_Task directions:_
Please set down only the lines below starting with the line with "Fin köks grupp" and going on through the line with "Garnier Nutrisse Creme", verbatim and without pictures.

_Exercise data:_
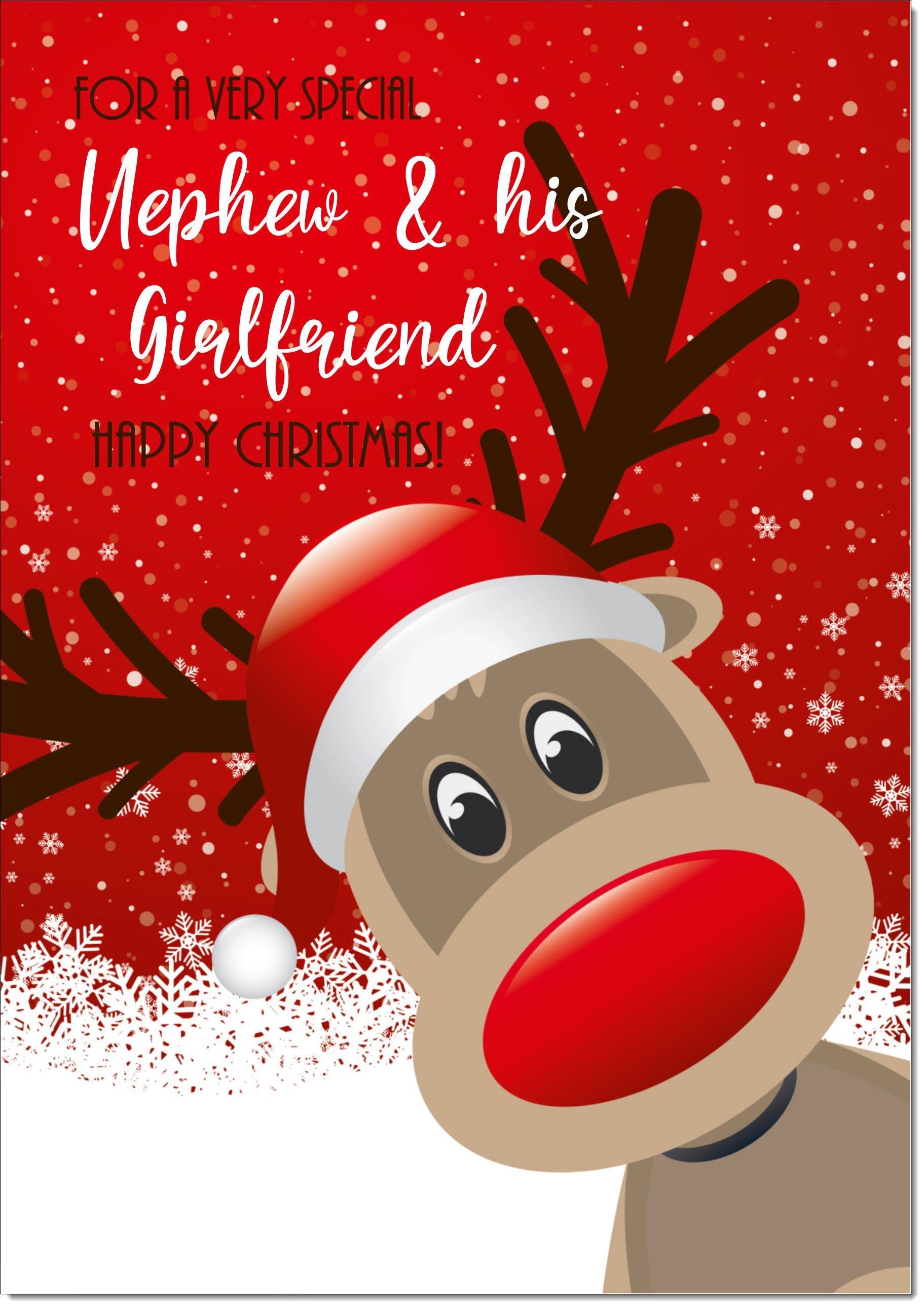 Nephew & Girlfriend Christmas Card Rudolph in Snow
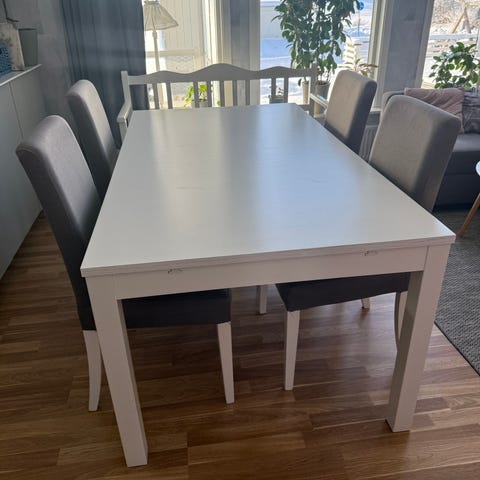Fin köks grupp i massiv ek. Bord 100cm x 180cm. Iläggsskiva 50cm. Stols sitsarna klädda i brunt. Köpt på Möbel tjänst. Tel 076-8349435 Christer.
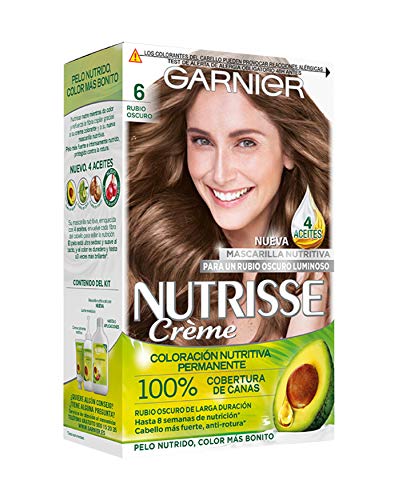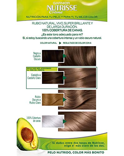 Garnier Nutrisse Creme Coloración Nutritiva Permanente, Tinte 100% Cobertura de Canas con Mascarilla Nutritiva de 4 Aceites - Tono 6 Rubio Oscuro
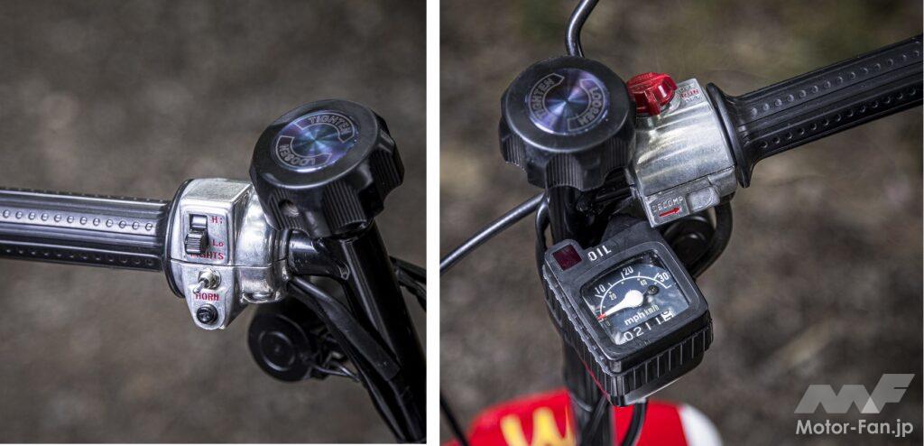 スイッチ周りはアメリカの原付バイクから移植。ダイヤル式のキルスイッチ(右)やウインカー用に追加したトグルスイッチ(左)がオシャレ!

_Written answer:_
Fin köks grupp i massiv ek. Bord 100cm x 180cm. Iläggsskiva 50cm. Stols sitsarna klädda i brunt. Köpt på Möbel tjänst. Tel 076-8349435 Christer.
 Garnier Nutrisse Creme Coloración Nutritiva Permanente, Tinte 100% Cobertura de Canas con Mascarilla Nutritiva de 4 Aceites - Tono 6 Rubio Oscuro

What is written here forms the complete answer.